Building Better Customer Data Profiles with Big Data Technologies

by   |   December 10, 2012 5:38 pm   |   0 Comments

Elliott Cordo of Caserta Concepts

Elliott Cordo of Caserta Concepts

“Know thy customer” should be the number one strategic initiative for any organization. In today’s world, marketing and all customer interactions need to be designed to uniquely fit the customer.   This micro-targeting approach is probably best recognized by some of the large online retailers.  At this point, the content and interactions from these organizations are expected to be relevant and tuned to our behavior.   To achieve this, developing a customer profile which encompasses engagement, preferences, sentiment and other behavioral aspects is an essential tool.

Let’s clarify a few of these terms:

Customer engagement is a measure of how an organization interacts with its customers in all available channels.  It is important to note that a successful engagement metric must go beyond the tracking of purchases and include as many touch points as possible including email (especially whether they actually open it), website usage and call center interaction.

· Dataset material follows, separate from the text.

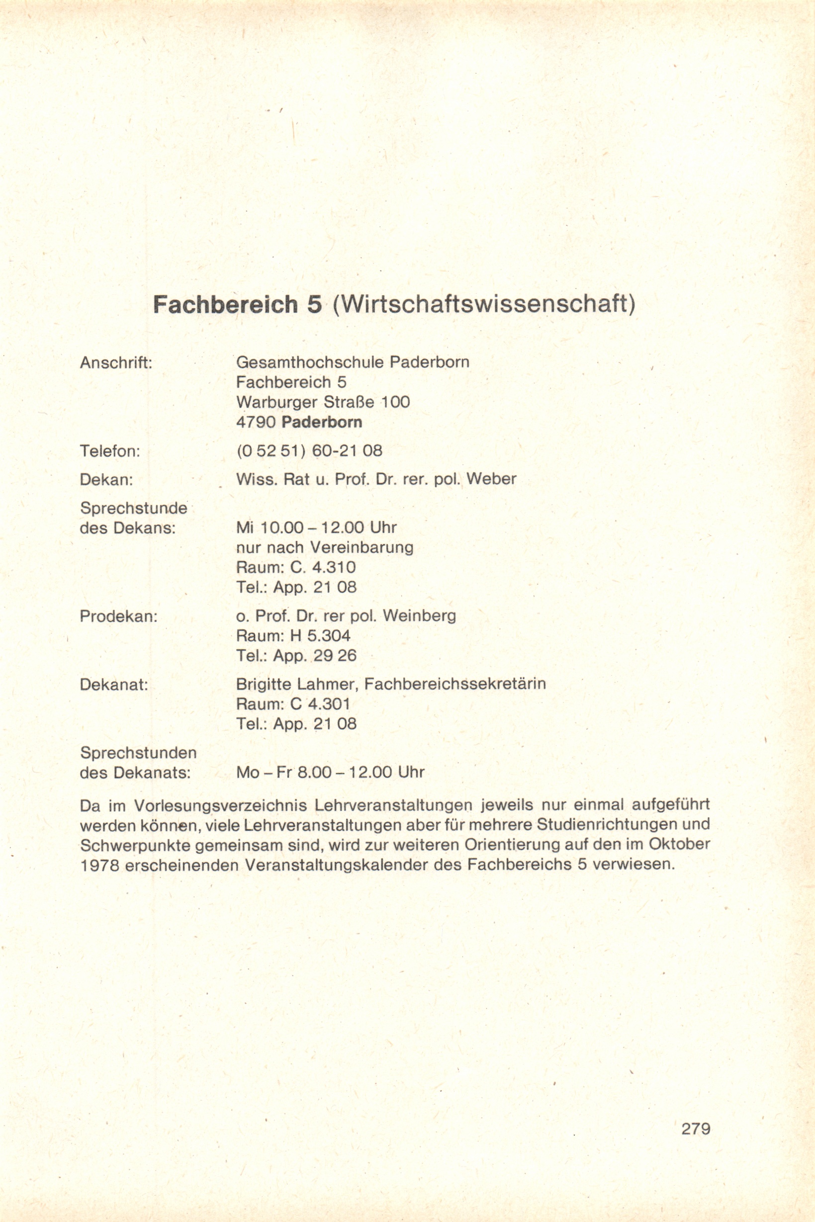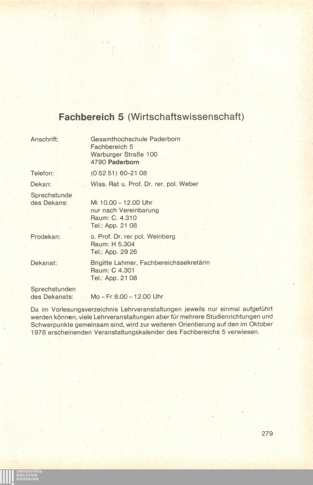 Personal- und Vorlesungsverzeichnis für die Gesamthochschule Paderborn

Preferences are what the customer has shown us they like.  Such information can come through onboarding surveys, usage and behavior patterns, including what items or services they buy or interact with (shopping cart, wish lists).

Sentiment is what customers think about the brand.  This can come from surveys, customer relationship management (CRM) interactions and social media.

Related Stories

Opinion: Change the definition of the data warehouse.

Read more»

Opinion: How a small data error becomes a big data quality problem.

Read more»

Business problems suited to big data analytics.

Read more»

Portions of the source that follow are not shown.